For decades, the Mythical Man-Month argument has held: adding more people to a software project doesn’t make it faster, and often makes it slower. More engineers means more PRs, more orchestration overhead, more stepping on each other’s toes. Teams worked around this by building larger headcounts anyway, accepting the friction as the cost of doing business.

Agentic engineering breaks that calculation.

Two developers taking turns with well-instrumented agents can outship a twenty-person team. Not because the developers are individually heroic, but because the orchestration overhead collapses. Individual ownership replaces team coordination. Lines of code stop being the bottleneck — review, testing, and QA become the bottleneck.

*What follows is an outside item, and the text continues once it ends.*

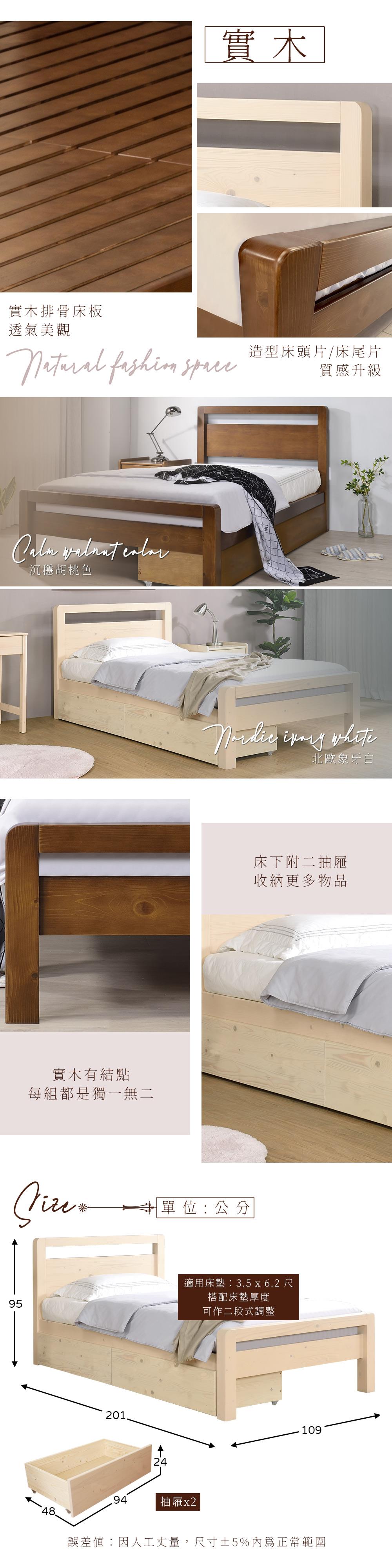 整體配件:3.5尺床架 x 1+床下抽屜x2 (不含床墊)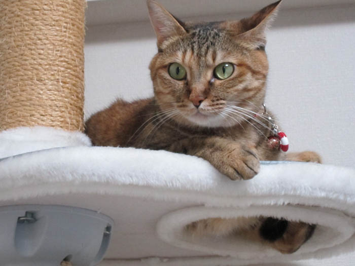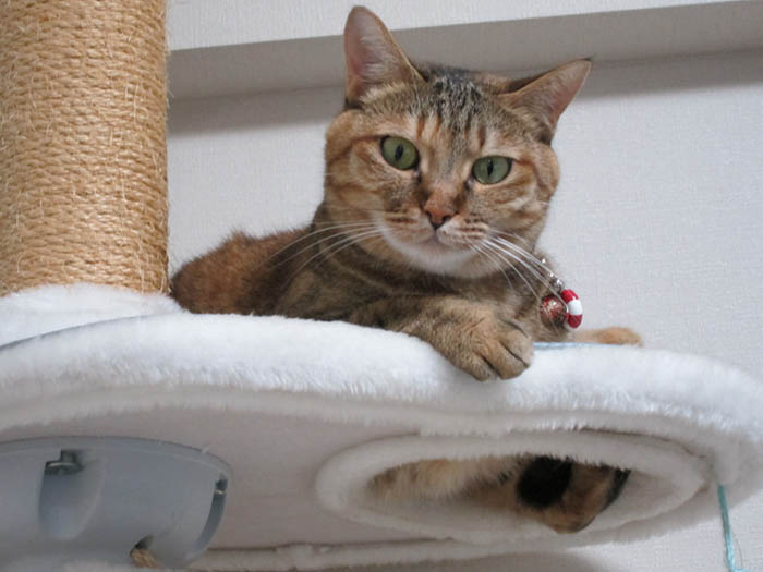 猫タワーへ逃げて行きました。

The shape of the development funnel changes, too.

Under the old model, the software development funnel was lossy on purpose. Five hundred user problems would get scoped down to fifteen, coded to five, and shipped. Writing code was too expensive to do speculatively, so heavy filtering happened at every stage.

Under the new model, a screenshot pasted into the agent skips straight to written code. Everything that gets specified gets written. The filter doesn’t disappear — it moves. It moves to review, to testing, to QA, to deployment. That’s where the backlog accumulates now. Hundreds of PRs sit unshipped not because the code isn’t done, but because everything else around the code didn’t get cheaper at the same rate.

This is the work that’s left for humans, and it’s not less important than what came before. It’s arguably more important. Owning the review, owning the QA, owning the delivery — that’s where the leverage is now.

Big teams are aircraft carriers. Small teams with agents are speedboats. Both have their place, but the bet for most of what gets built today is on speedboats.

What Agentic Engineering actually means

Three principles, distilled:

Build the guardrails first. Before any feature work, set up the CI loop, the static types, the linters, the architectural tests, the behavioral tests. It’s slower on day one. It’s the only reason the project survives to day thirty.

Write the spec before the code. Not a document for stakeholders — a document for the agent. Be precise. Be unambiguous. Be explicit about edge cases. Let the AI help write it; that’s literally what it’s good at.

Shift the team’s role. Stop thinking of developers as the people writing code. Start thinking of them as the people owning the process — requirements, architecture, review, delivery. The agent handles tasks. Humans make decisions.

Coding is cheap. Software is not. The gap between those two is where the real work happens — and it’s also where the real value is going to live for the next decade.